* [DATA]
******************************
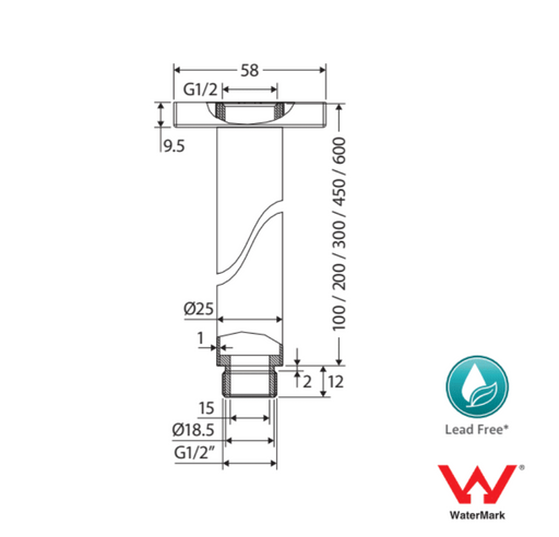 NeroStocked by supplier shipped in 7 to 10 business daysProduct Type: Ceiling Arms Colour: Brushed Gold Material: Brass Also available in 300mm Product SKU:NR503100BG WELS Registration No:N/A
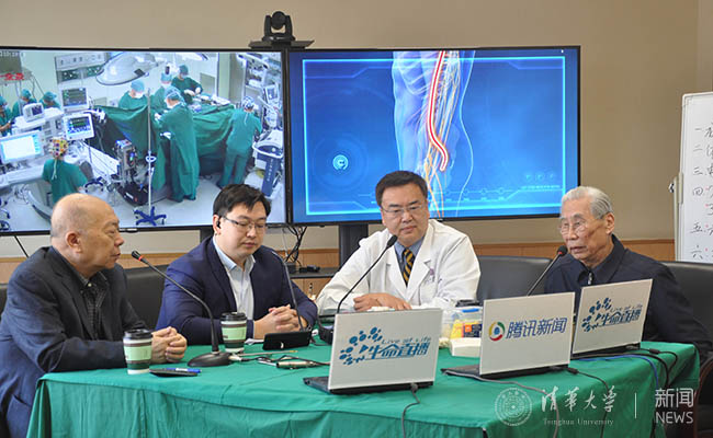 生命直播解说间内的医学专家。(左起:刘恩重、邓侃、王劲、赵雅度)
******************************
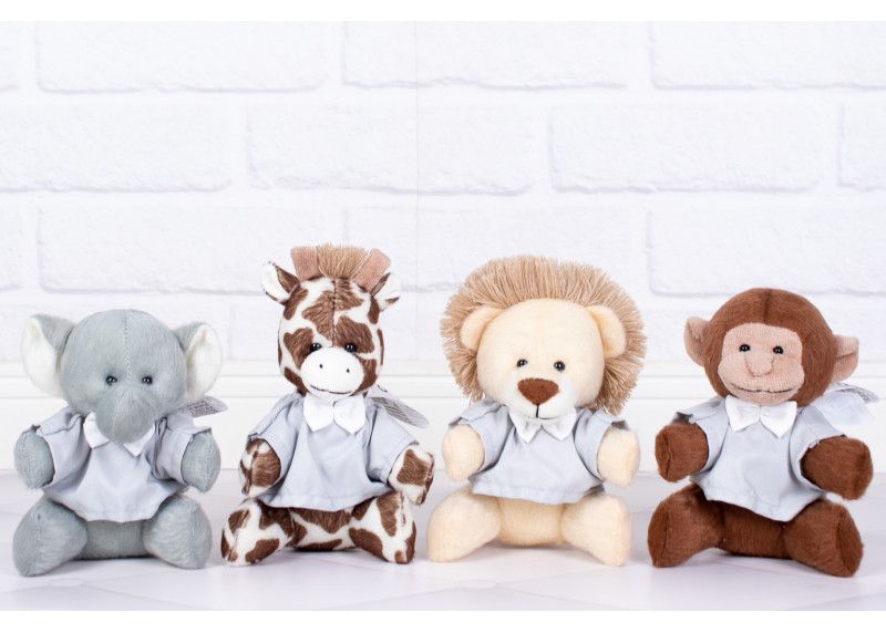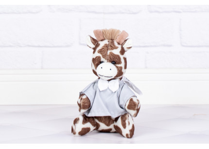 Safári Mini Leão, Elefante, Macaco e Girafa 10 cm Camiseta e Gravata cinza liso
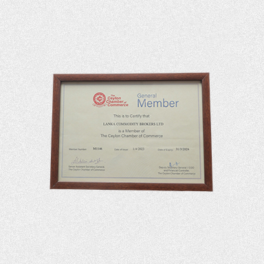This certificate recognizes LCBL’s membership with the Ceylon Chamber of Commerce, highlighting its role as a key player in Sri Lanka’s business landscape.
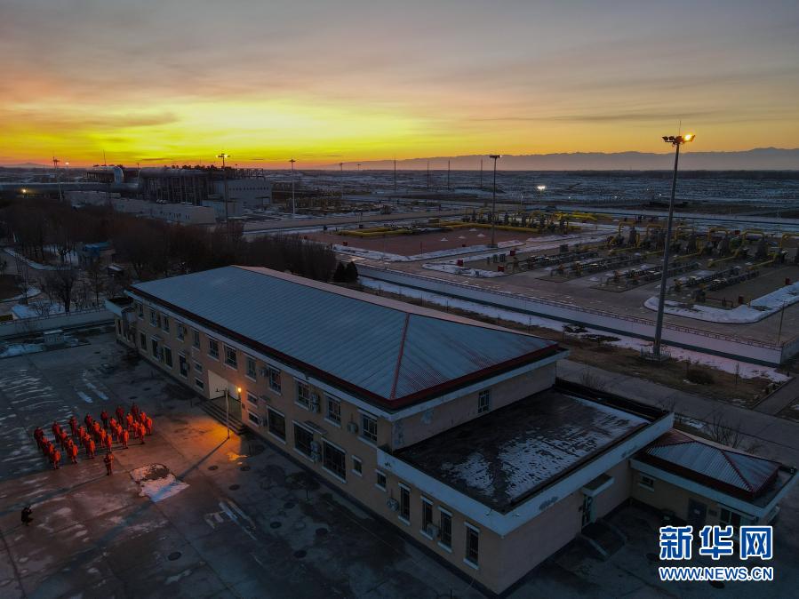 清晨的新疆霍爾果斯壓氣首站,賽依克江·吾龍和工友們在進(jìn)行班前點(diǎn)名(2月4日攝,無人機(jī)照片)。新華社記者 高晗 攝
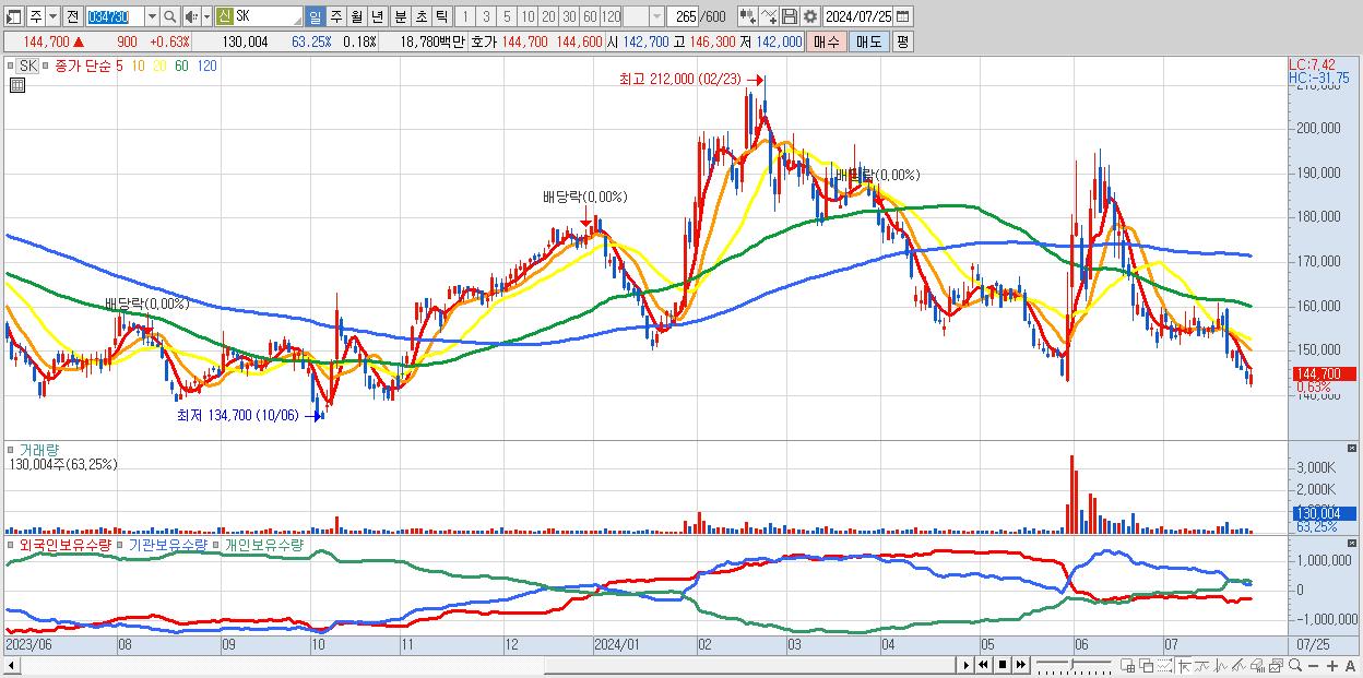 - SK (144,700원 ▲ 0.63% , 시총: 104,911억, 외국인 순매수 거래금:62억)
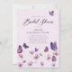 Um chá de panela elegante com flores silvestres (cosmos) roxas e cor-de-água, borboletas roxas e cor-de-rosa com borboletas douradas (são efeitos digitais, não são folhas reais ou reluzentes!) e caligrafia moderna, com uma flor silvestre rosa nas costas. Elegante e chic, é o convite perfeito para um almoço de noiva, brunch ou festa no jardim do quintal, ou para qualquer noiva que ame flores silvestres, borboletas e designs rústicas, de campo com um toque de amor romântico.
******************************
* [PROBLEM TO WORK ON]
In the records above, find the line with "NeroStocked by supplier" and the line with "生命直播解说间内的医学专家。(左起:刘恩重、邓侃、王劲、赵雅度)". Write out exactly those lines and every one between, with no pictures and no other lines.

* [FINISHED TASK]
 NeroStocked by supplier shipped in 7 to 10 business daysProduct Type: Ceiling Arms Colour: Brushed Gold Material: Brass Also available in 300mm Product SKU:NR503100BG WELS Registration No:N/A
 生命直播解说间内的医学专家。(左起:刘恩重、邓侃、王劲、赵雅度)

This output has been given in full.